● **Work to complete**: Return each entry word for word, without its pictures.

● **Data excerpts**:
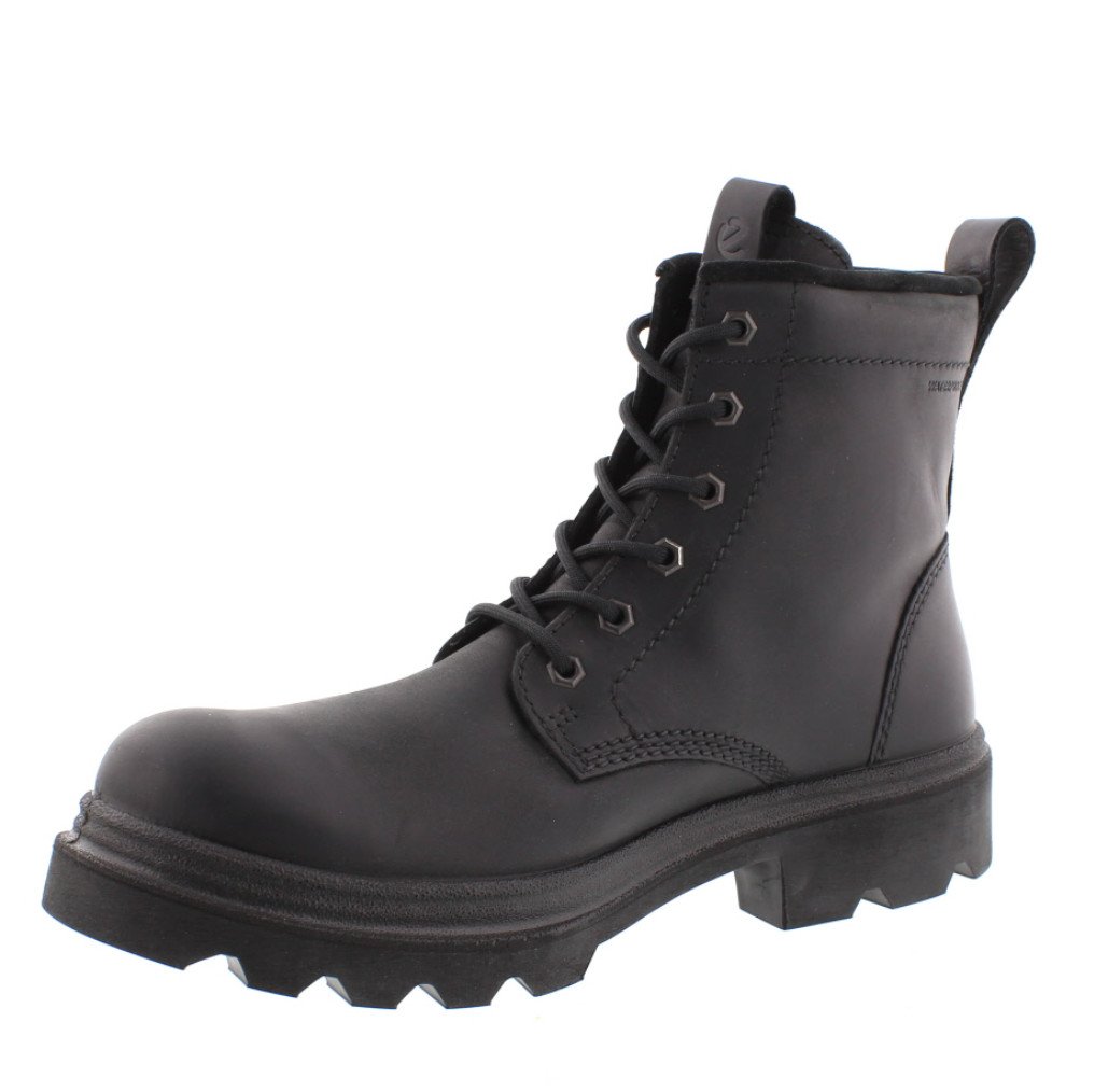 ECCO Grainer Mens UK 8 EU 42 Black Leather Waterproof Chunky Lace Up Ankle Boots
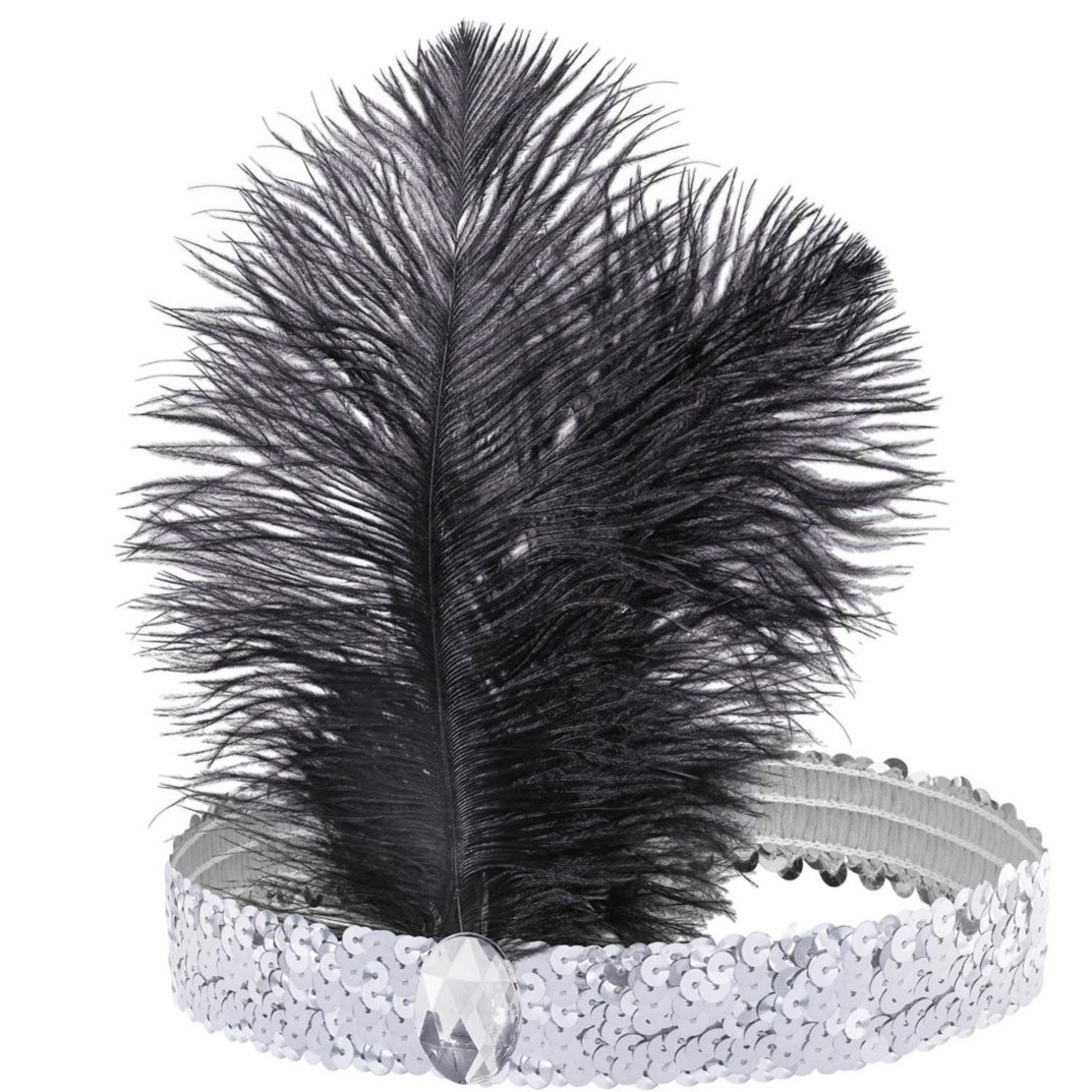 Stříbrný, třpytivý pásek ozdobený flitry okamžitě přitáhne pozornost, zatímco černé peří dodá celému outfitu nádech kabaretu a elegance.
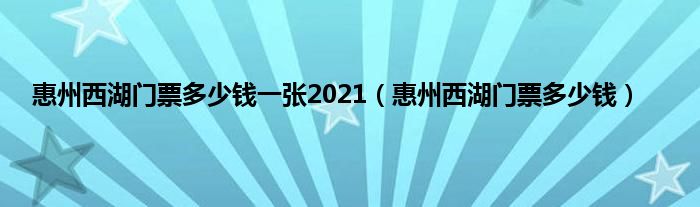 以上就是【惠州西湖门票多少钱一张2021,惠州西湖门票多少钱】相关内容。
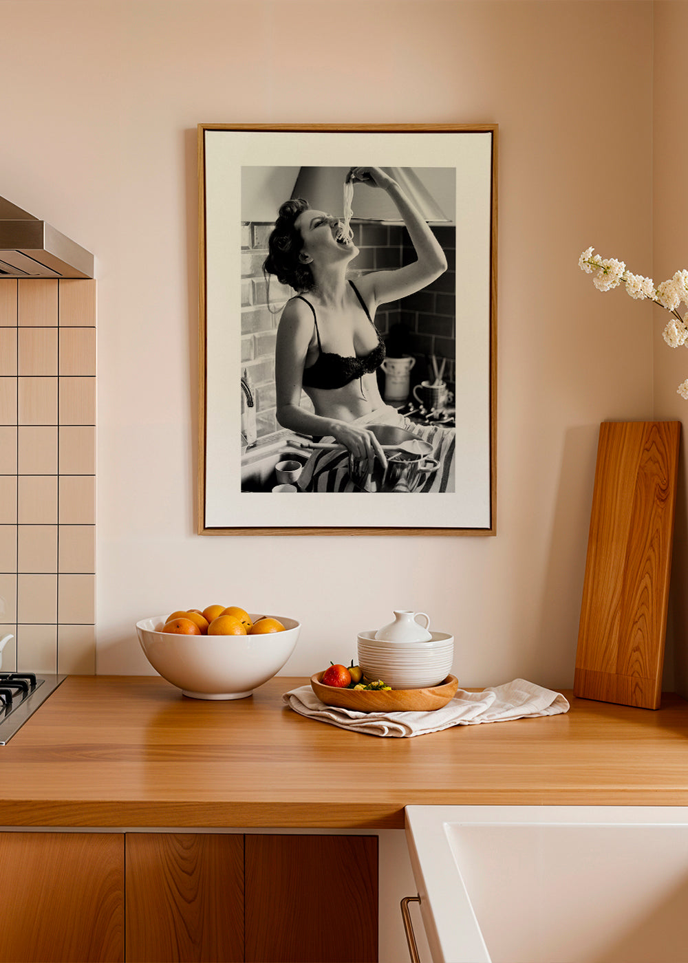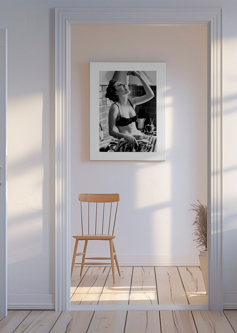 Schönes Kunstwerk aus unserer Kollektion von wandbild mit frau, Farbtönen Schwarz-weiß, und geeignet für Bildpositionen Vertikal. Dekoration in Schwarz-Weiß verleiht jeder Inneneinrichtung besondere Eleganz. Richte deine Wohnung mit Kunst ein.
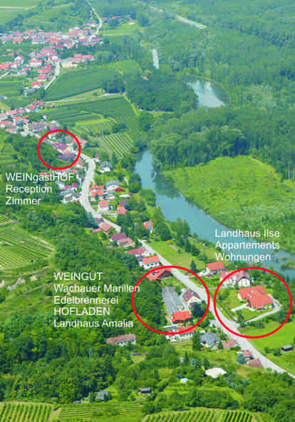 Am östlichen Orsteingang finden Sie das Familienweingut, gegenüber das Landhaus Ilse. 500m weiter ist unseren WEINgastHOF
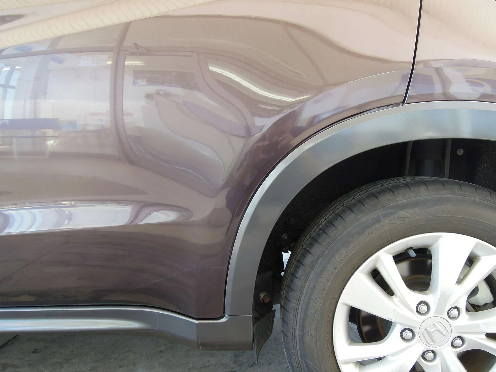 千葉県松戸市にお住まいのT様より、ホンダ・ヴェゼルの鈑金塗装修理をご依頼いただきました。今回の修理内容は左リアフェンダー付近にできたすり傷とプロテクターリアホイールアーチの損傷部分です。軽度のサビも見受けられましたので、このまま放置するとサビによる劣化も進んでしまいますので、できるだけ早めの修理が望ましい状況でした。ボディカラーは赤紫系の個性的で発色の良い色味であるため、修理後の色合わせには特に注意を払い、違和感のない仕上がりを目指しました。
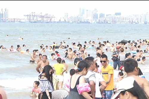 海口假日海滩景区超10万人“洗龙水”沾福气 场面壮观

● **Exercise output**:
 ECCO Grainer Mens UK 8 EU 42 Black Leather Waterproof Chunky Lace Up Ankle Boots
 Stříbrný, třpytivý pásek ozdobený flitry okamžitě přitáhne pozornost, zatímco černé peří dodá celému outfitu nádech kabaretu a elegance.
 以上就是【惠州西湖门票多少钱一张2021,惠州西湖门票多少钱】相关内容。
 Schönes Kunstwerk aus unserer Kollektion von wandbild mit frau, Farbtönen Schwarz-weiß, und geeignet für Bildpositionen Vertikal. Dekoration in Schwarz-Weiß verleiht jeder Inneneinrichtung besondere Eleganz. Richte deine Wohnung mit Kunst ein.
 Am östlichen Orsteingang finden Sie das Familienweingut, gegenüber das Landhaus Ilse. 500m weiter ist unseren WEINgastHOF
 千葉県松戸市にお住まいのT様より、ホンダ・ヴェゼルの鈑金塗装修理をご依頼いただきました。今回の修理内容は左リアフェンダー付近にできたすり傷とプロテクターリアホイールアーチの損傷部分です。軽度のサビも見受けられましたので、このまま放置するとサビによる劣化も進んでしまいますので、できるだけ早めの修理が望ましい状況でした。ボディカラーは赤紫系の個性的で発色の良い色味であるため、修理後の色合わせには特に注意を払い、違和感のない仕上がりを目指しました。
 海口假日海滩景区超10万人“洗龙水”沾福气 场面壮观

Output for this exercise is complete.